■ REQUIRED WORK
Write an exact copy of the entries below that leaves out all pictures.

■ RECORDED DATA
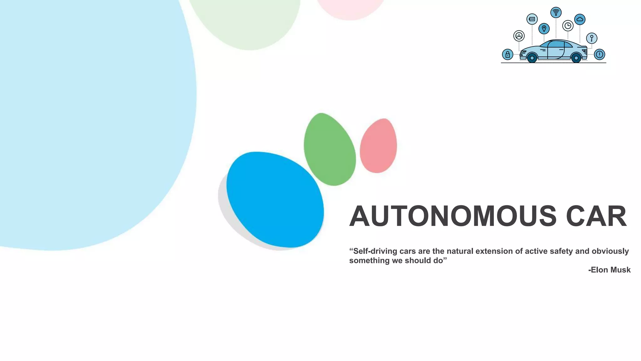 The document discusses the rise of autonomous vehicles (AVs), predicting that 10 million will be on the roads by 2022 and that they will generate a $7 trillion annual revenue stream by 2050 while potentially reducing vehicle crashes by 90%. It details the technology behind AVs, including sensors like lidar and radar, and the complex algorithms that enable them to navigate safely. The document also highlights legal and societal implications, including liability issues and potential job losses, raising questions about the future of driving and regulation.
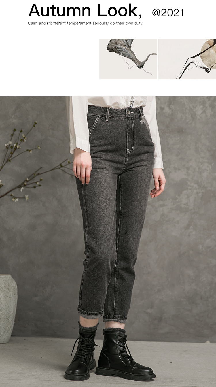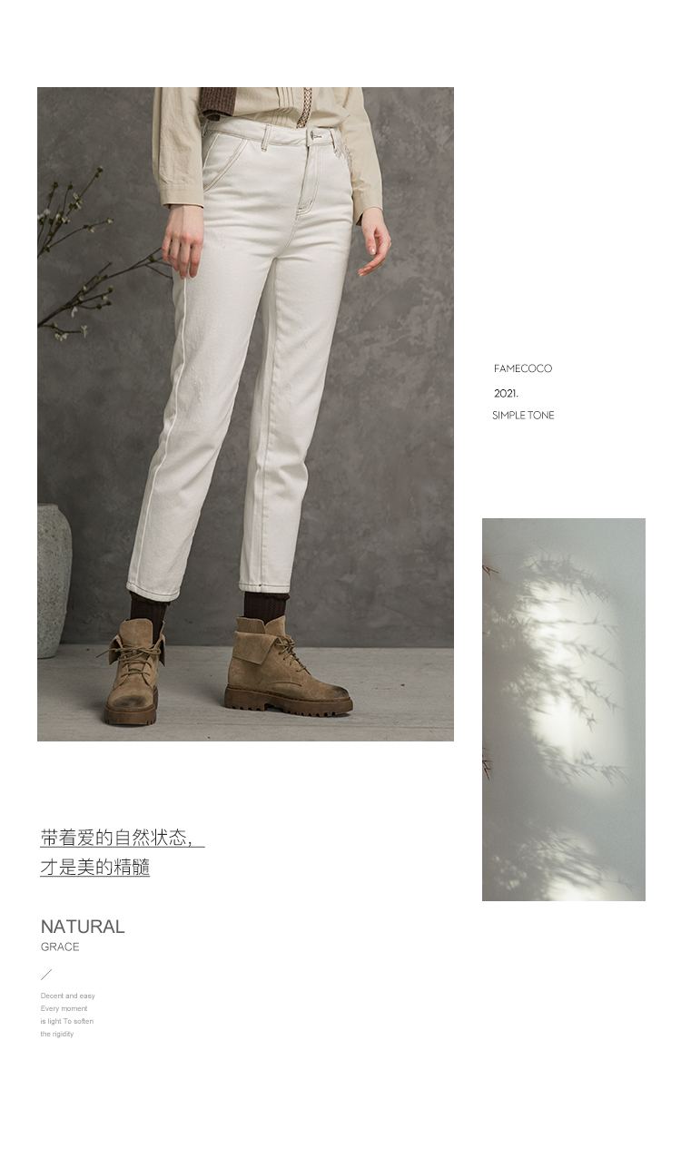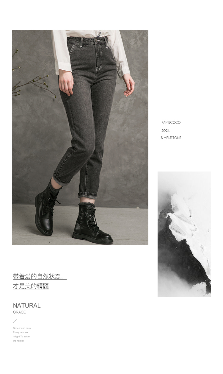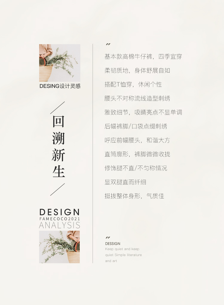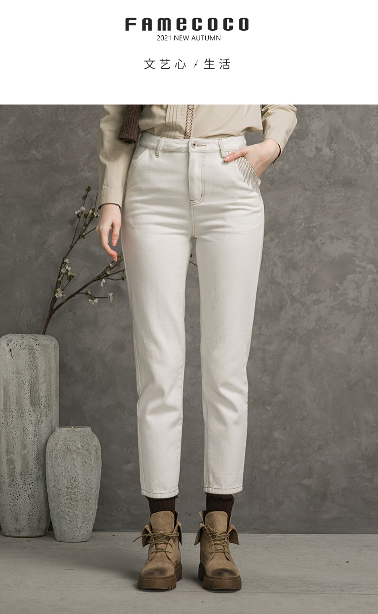 Famecoco范可儿刺绣牛仔裤女秋直筒设计感长裤F216GA009
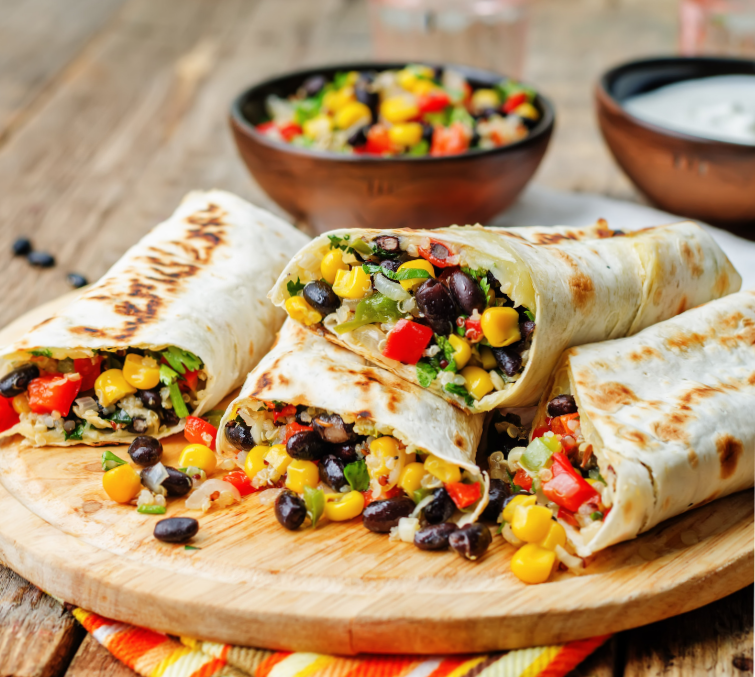 Arroz con pasas, letejas al curry, mix de hojas verdes, cilantro, pepino, rábanos, tortilla integral y salsa.
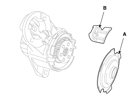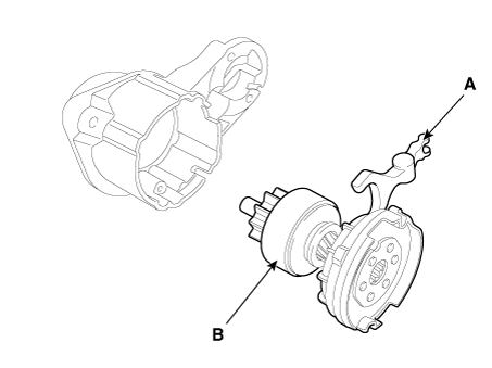 Отсоедините кабель стартера (А) от клеммы В соленоида, затем отсоедините разъем (B) от клеммы S.
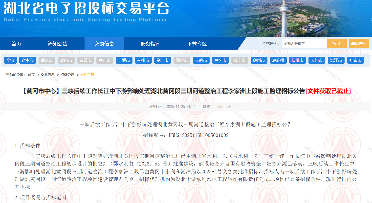 2.3其他:本次招标共划分为2个标段。施工标段合同名称为:三峡后续工作长江中下游影响处理湖北黄冈段三期河道整治工程李家洲上段施工(合同编号:HG/SXHX/HDZZ/2025-SG1)。监理标段合同名称为:三峡后续工作长江中下游影响处理湖北黄冈段三期河道整治工程李家洲上段施工监理(合同编号:HG/SXHX/HDZZ/2025-JL1)。
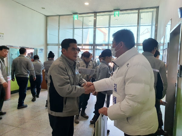 김 후보는 18일 오전 11시 대우조선 협력업체 사무실을 방문, 김돌평 협의회 회장 등 임원진을 만나 대우조선 불공정 매각 시 발생할 대우조선 협력업체의 운명에 대해 의견을 나누고 앞으로 대응책을 의논했다.
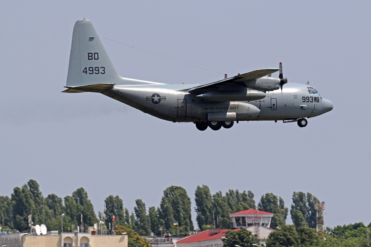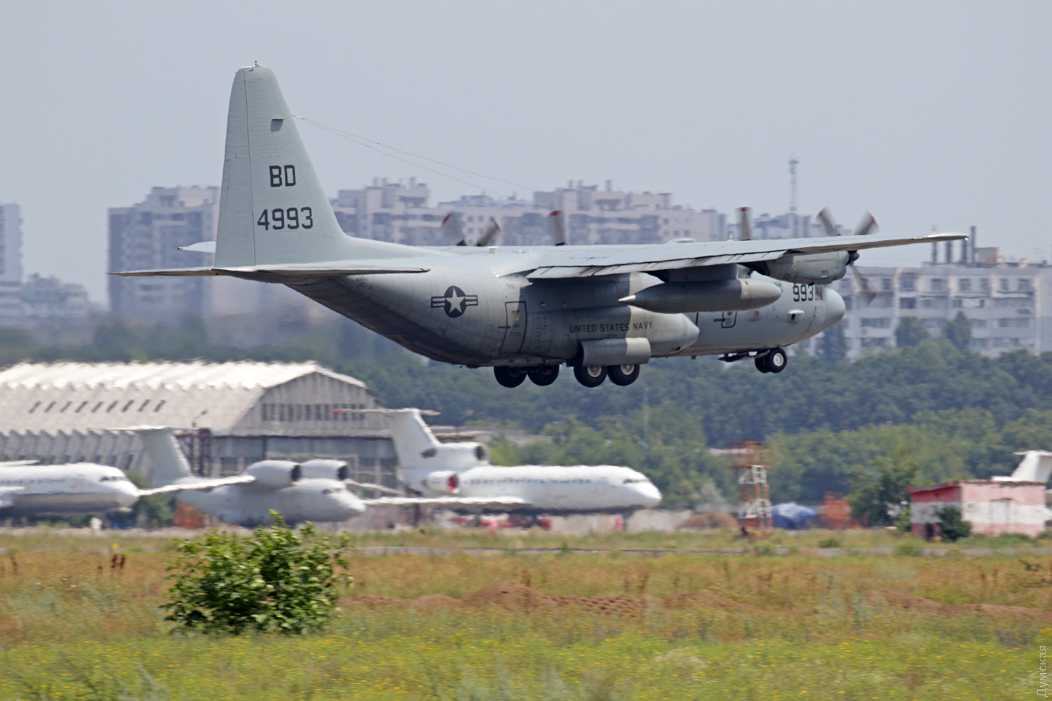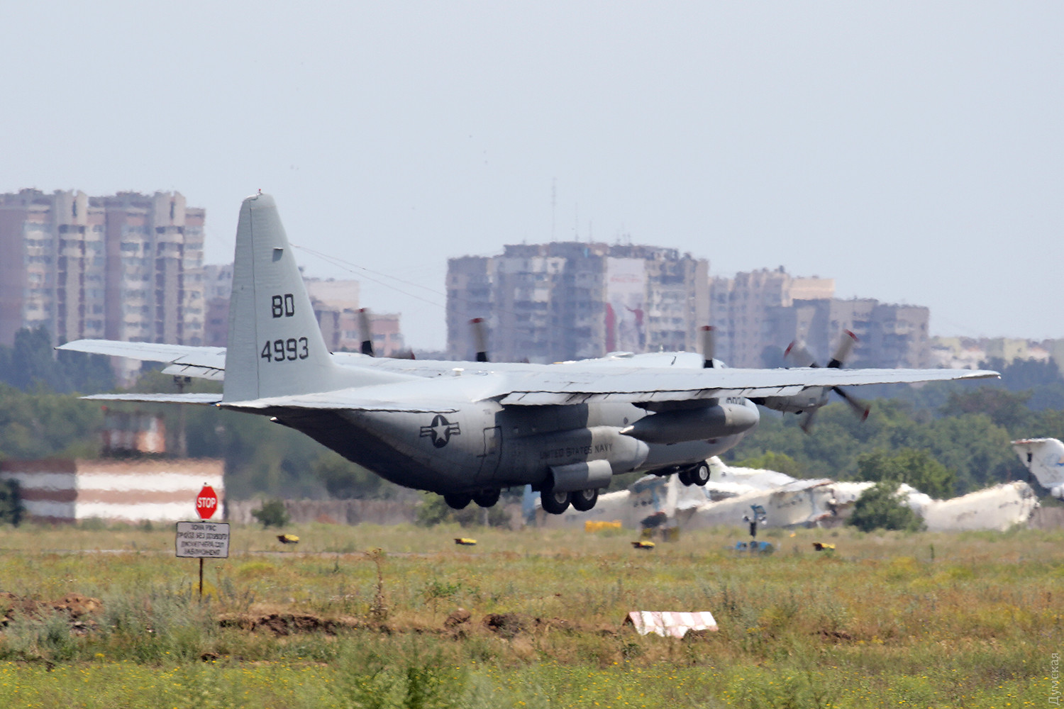 Продолжаются прилеты в одесский аэропорт тяжелой транспортной авиации. Сегодня днем у нас приземлился очередной американский «Геркулес», который привез морпехов и оборудование для учений. Самолет относится к эскадрилье VR-64 Condors и осуществляет доставку различного снаряжения по всему миру в интересах американских Военно-морских сил.
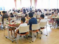 今日は、5月のバースデーランチでした。5月生まれの友達や先生方が日惜ホールに集まって、みんなで給食を食べました。その中に、「食のマナーボランティア」として、地域の皆様にもご一緒していただきました。
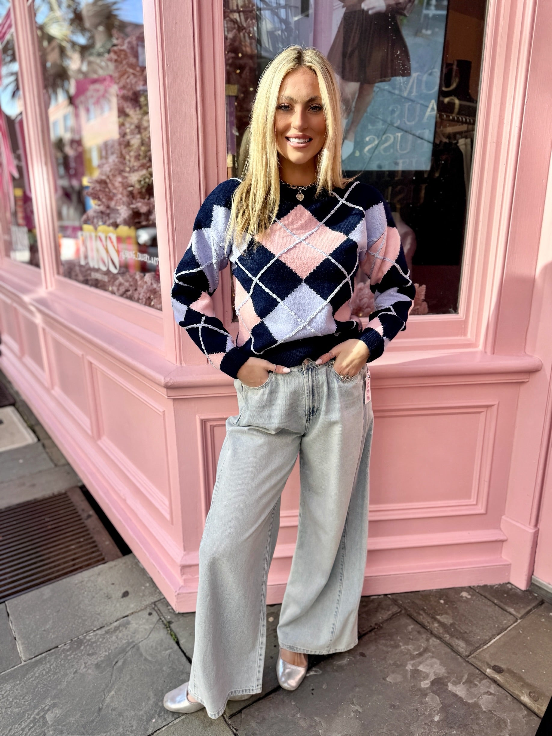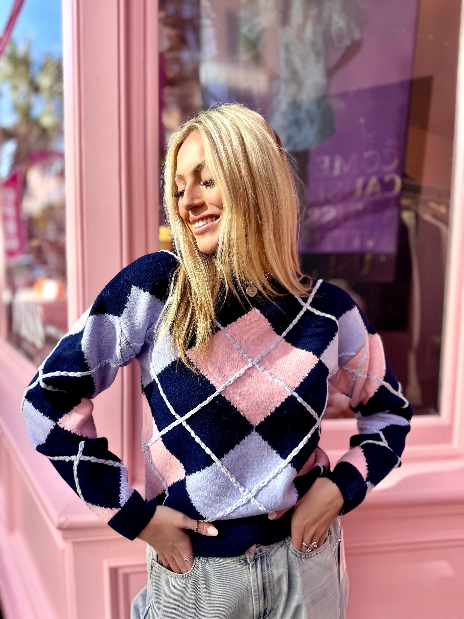 Classic with a colorful twist, this Navy and Pink Argyle Sweater brings timeless charm to your everyday wardrobe. Featuring a traditional argyle pattern in rich navy accented with soft pink tones, it’s crafted from a cozy, comfortable knit that’s perfect for layering. The polished design pairs effortlessly with jeans, trousers, or skirts, making it an easy choice for both casual days and elevated looks.

■ THE ANSWER
 The document discusses the rise of autonomous vehicles (AVs), predicting that 10 million will be on the roads by 2022 and that they will generate a $7 trillion annual revenue stream by 2050 while potentially reducing vehicle crashes by 90%. It details the technology behind AVs, including sensors like lidar and radar, and the complex algorithms that enable them to navigate safely. The document also highlights legal and societal implications, including liability issues and potential job losses, raising questions about the future of driving and regulation.
 Famecoco范可儿刺绣牛仔裤女秋直筒设计感长裤F216GA009
 Arroz con pasas, letejas al curry, mix de hojas verdes, cilantro, pepino, rábanos, tortilla integral y salsa.
 Отсоедините кабель стартера (А) от клеммы В соленоида, затем отсоедините разъем (B) от клеммы S.
 2.3其他:本次招标共划分为2个标段。施工标段合同名称为:三峡后续工作长江中下游影响处理湖北黄冈段三期河道整治工程李家洲上段施工(合同编号:HG/SXHX/HDZZ/2025-SG1)。监理标段合同名称为:三峡后续工作长江中下游影响处理湖北黄冈段三期河道整治工程李家洲上段施工监理(合同编号:HG/SXHX/HDZZ/2025-JL1)。
 김 후보는 18일 오전 11시 대우조선 협력업체 사무실을 방문, 김돌평 협의회 회장 등 임원진을 만나 대우조선 불공정 매각 시 발생할 대우조선 협력업체의 운명에 대해 의견을 나누고 앞으로 대응책을 의논했다.
 Продолжаются прилеты в одесский аэропорт тяжелой транспортной авиации. Сегодня днем у нас приземлился очередной американский «Геркулес», который привез морпехов и оборудование для учений. Самолет относится к эскадрилье VR-64 Condors и осуществляет доставку различного снаряжения по всему миру в интересах американских Военно-морских сил.
 今日は、5月のバースデーランチでした。5月生まれの友達や先生方が日惜ホールに集まって、みんなで給食を食べました。その中に、「食のマナーボランティア」として、地域の皆様にもご一緒していただきました。
 Classic with a colorful twist, this Navy and Pink Argyle Sweater brings timeless charm to your everyday wardrobe. Featuring a traditional argyle pattern in rich navy accented with soft pink tones, it’s crafted from a cozy, comfortable knit that’s perfect for layering. The polished design pairs effortlessly with jeans, trousers, or skirts, making it an easy choice for both casual days and elevated looks.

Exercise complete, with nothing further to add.